Figure 2. 32 Channels using multiple AD7124-8
Long Term Drift (ppm/1000hrs)
The table shows the Internal reference long term drift over 1000 hours for the TSSOP package (standard AD7124-4 silicon), 0.75mm LFCSP package (standard AD7124-4 and AD7124-8 silicon) and the 0.95mm LFCSP package (B-grade AD7124-4B and the AD7124-8B silicon).
To measure the drift, parts were tested in an oil bath after being soldered to the PCB. Post solder, the internal reference was monitored for 1200 hours with the oil temperature maintained at 25’C. To allow some time for the package to de-stress post soldering, the first 200 hours of data is ignored.
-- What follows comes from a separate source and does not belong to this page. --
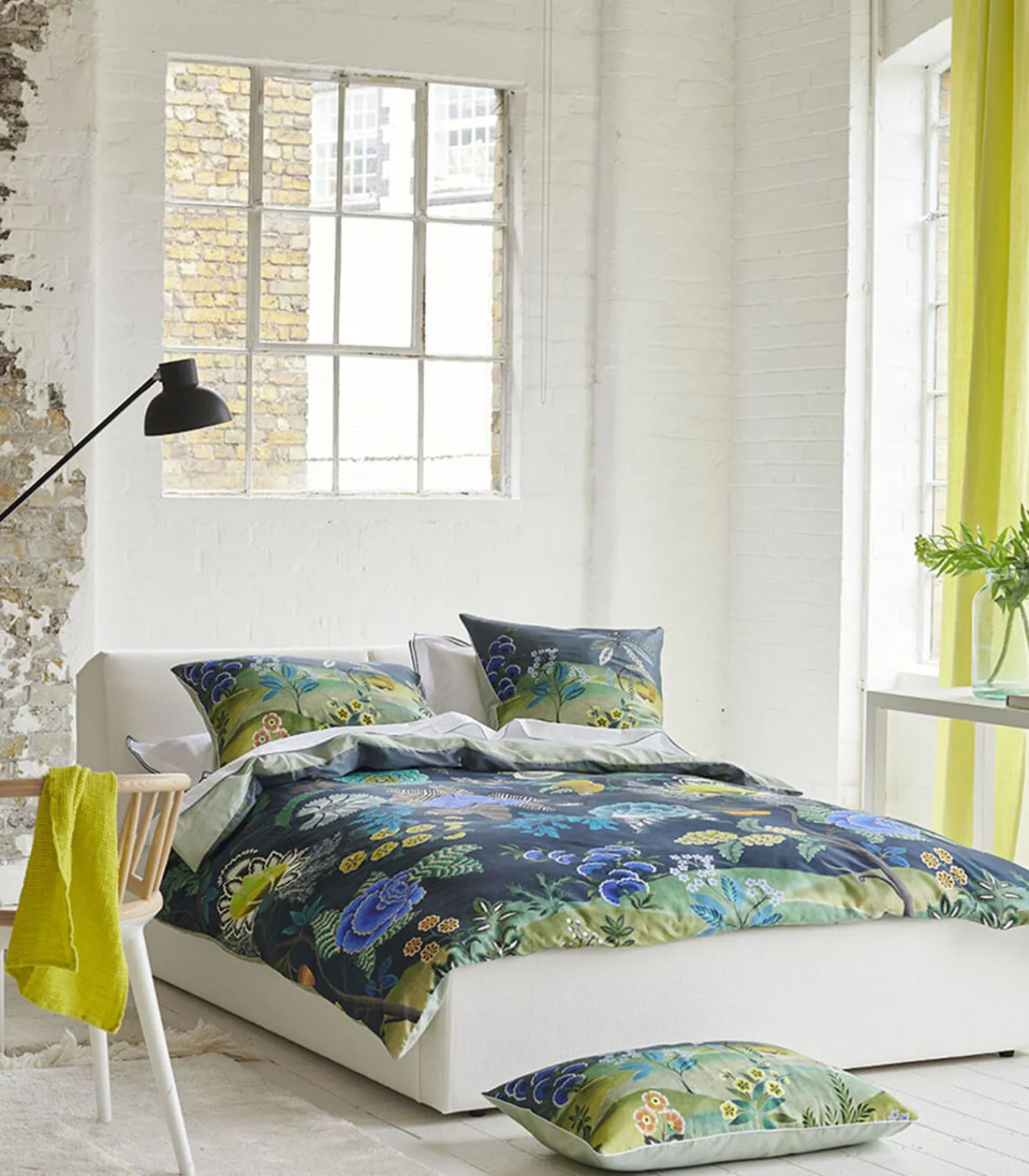 Dit ontwerp heeft een prachtige bloemenprint, met grafische bloemen en gebladerte in levendige kleuren. Het verfijnde motief is geïnspireerd op de brokaatstijl, een zijde versierd met goud– en zilverdraden, wat een luxueus, geraffineerd effect creëert. De subtiele tinten en elegante biezen voegen contrast en diepte toe aan het ontwerp. De meer sobere achterkant brengt het geheel in balans en creëert een warme, rustgevende sfeer in uw slaapkamer. Dankzij de fijne, strakke katoen perkal weving heeft de stof een uitzonderlijke zachtheid en voelt koel aan. Verwen uzelf met gebloemd beddengoed, waarbij elk detail is ontworpen om te zorgen voor elegantie en comfort in uw slaapvertrek.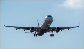 Airplane approaching for landing on a clear day in

So, the table shows the internal reference drift with time for the 200 hours to the 1200 hours period.
Baking parts post soldering allows a package to de-stress faster. To confirm this, the standard silicon (TSSOP and 0.75mm package) were tested with a bake included. So, post soldering to the test board, the PCB was baked (placed in an oven) at 85C for 3hrs. Following this bake time, the boards were placed in the oil bath and the internal reference was again monitored for 1200 hours with the oil bath held at 25’C. The table indicates the results for the 200 hours to 1200 hours duration. It can be seen that the bake enables the package to de-stress quicker, leading to a better long-term drift (over 1000 hours) specification.
Note that the key thing to observe from the table is that all results show that the reference voltage is always within the datasheet initial spec of 0.2%.